**WORK INSTRUCTION**
The result should be an exact copy of only the lines from the one with "Holy cr.p reminds" through the last line of the data below, with pictures omitted.

(Beginning of THE RECORDS)

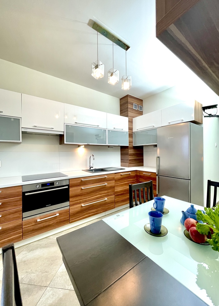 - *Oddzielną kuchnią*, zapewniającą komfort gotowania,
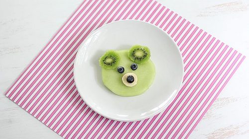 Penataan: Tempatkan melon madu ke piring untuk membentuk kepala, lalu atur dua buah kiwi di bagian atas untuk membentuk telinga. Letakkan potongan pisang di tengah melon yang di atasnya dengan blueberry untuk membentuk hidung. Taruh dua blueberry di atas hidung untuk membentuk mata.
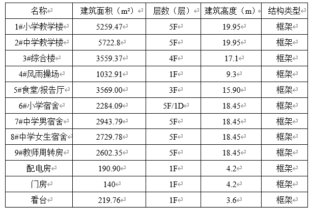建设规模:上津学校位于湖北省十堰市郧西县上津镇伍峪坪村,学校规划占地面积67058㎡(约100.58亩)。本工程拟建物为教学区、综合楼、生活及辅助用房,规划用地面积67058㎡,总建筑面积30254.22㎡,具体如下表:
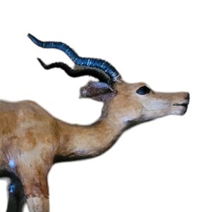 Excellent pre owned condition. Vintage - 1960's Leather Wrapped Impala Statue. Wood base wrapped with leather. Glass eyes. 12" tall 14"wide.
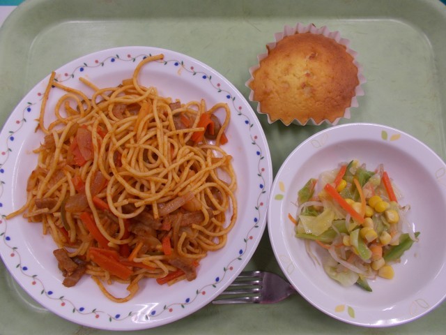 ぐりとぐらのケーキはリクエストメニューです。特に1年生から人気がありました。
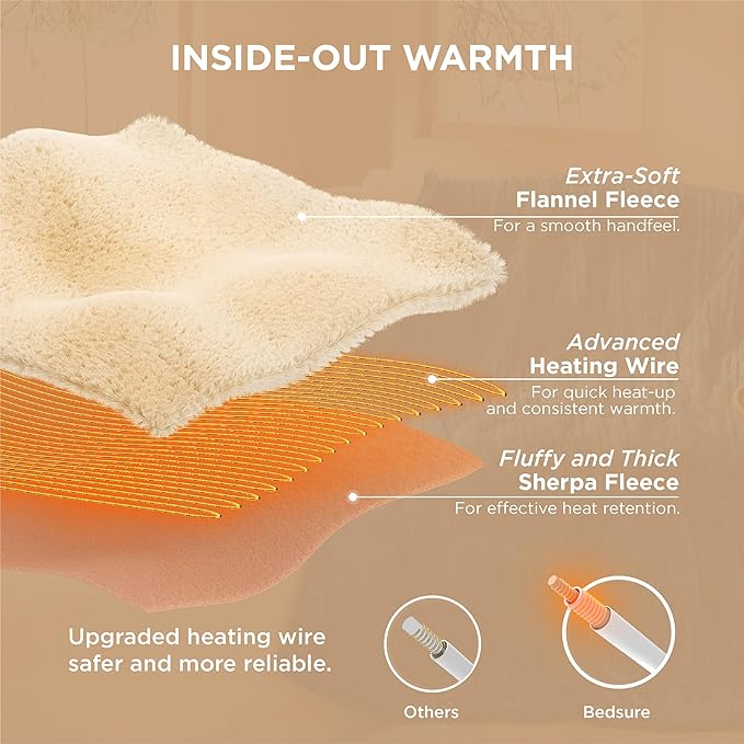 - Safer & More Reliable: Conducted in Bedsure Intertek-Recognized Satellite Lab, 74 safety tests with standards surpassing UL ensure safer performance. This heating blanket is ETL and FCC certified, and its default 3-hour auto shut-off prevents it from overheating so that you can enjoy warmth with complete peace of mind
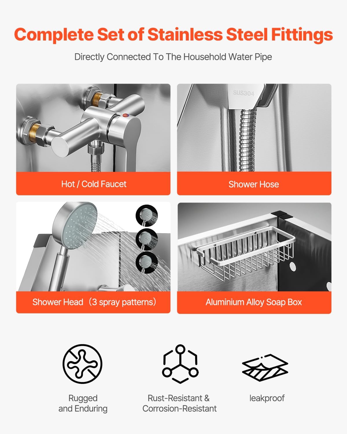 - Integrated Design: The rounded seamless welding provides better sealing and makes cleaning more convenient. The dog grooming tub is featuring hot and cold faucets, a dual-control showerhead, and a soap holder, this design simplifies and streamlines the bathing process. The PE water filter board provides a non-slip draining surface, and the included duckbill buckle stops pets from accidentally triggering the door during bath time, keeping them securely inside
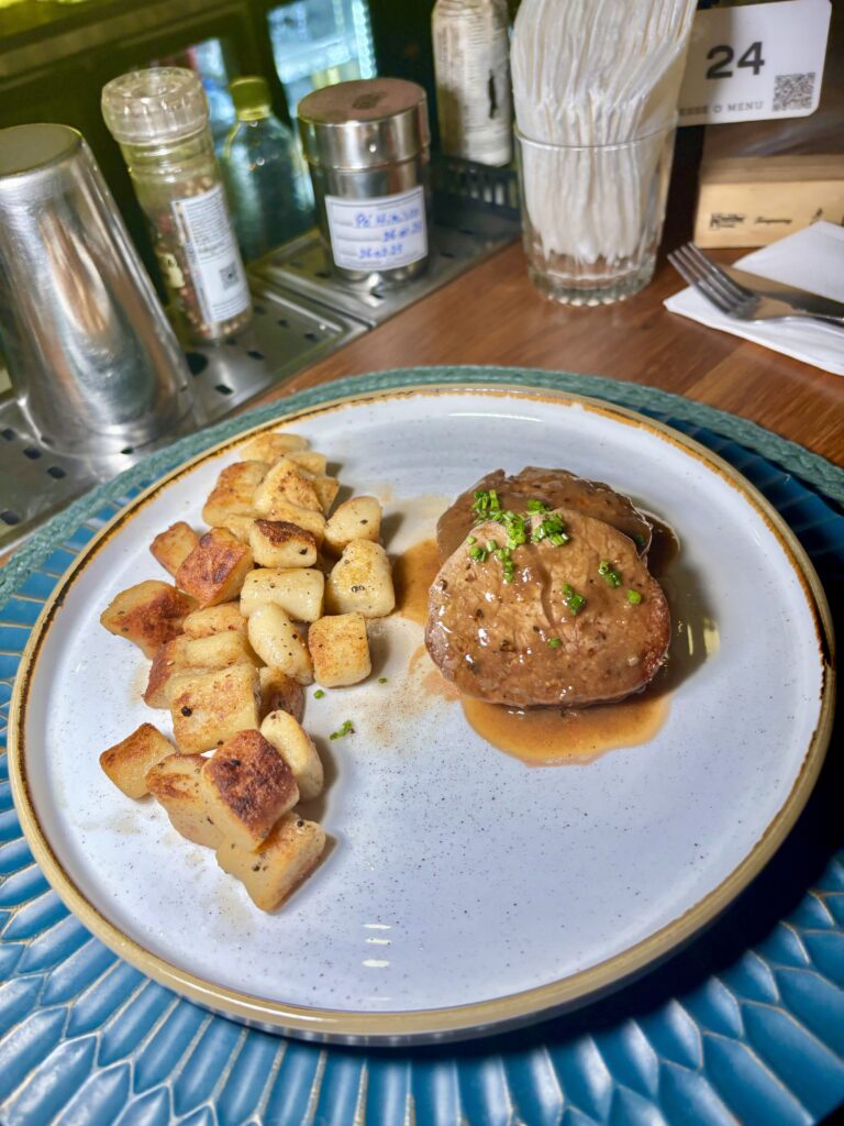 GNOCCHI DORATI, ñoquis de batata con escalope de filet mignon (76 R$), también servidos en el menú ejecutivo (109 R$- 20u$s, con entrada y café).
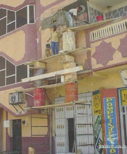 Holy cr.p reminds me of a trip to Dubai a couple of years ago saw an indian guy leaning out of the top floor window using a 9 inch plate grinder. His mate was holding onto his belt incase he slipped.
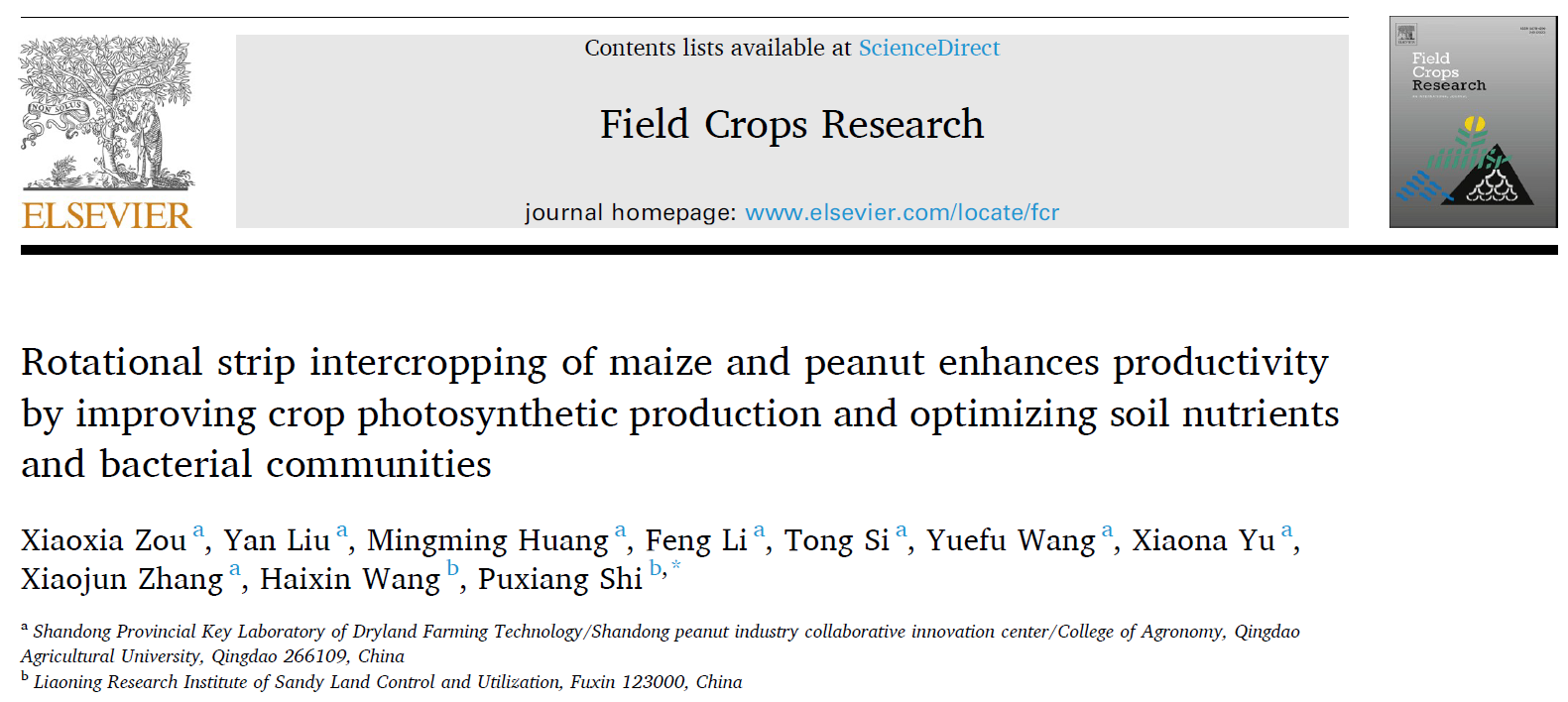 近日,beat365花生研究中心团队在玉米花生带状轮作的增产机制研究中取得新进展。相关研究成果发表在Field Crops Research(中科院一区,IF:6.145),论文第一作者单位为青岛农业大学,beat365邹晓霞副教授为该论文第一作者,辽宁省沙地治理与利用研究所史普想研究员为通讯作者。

(End of THE RECORDS)

**ANSWER BELOW**
 Holy cr.p reminds me of a trip to Dubai a couple of years ago saw an indian guy leaning out of the top floor window using a 9 inch plate grinder. His mate was holding onto his belt incase he slipped.
 近日,beat365花生研究中心团队在玉米花生带状轮作的增产机制研究中取得新进展。相关研究成果发表在Field Crops Research(中科院一区,IF:6.145),论文第一作者单位为青岛农业大学,beat365邹晓霞副教授为该论文第一作者,辽宁省沙地治理与利用研究所史普想研究员为通讯作者。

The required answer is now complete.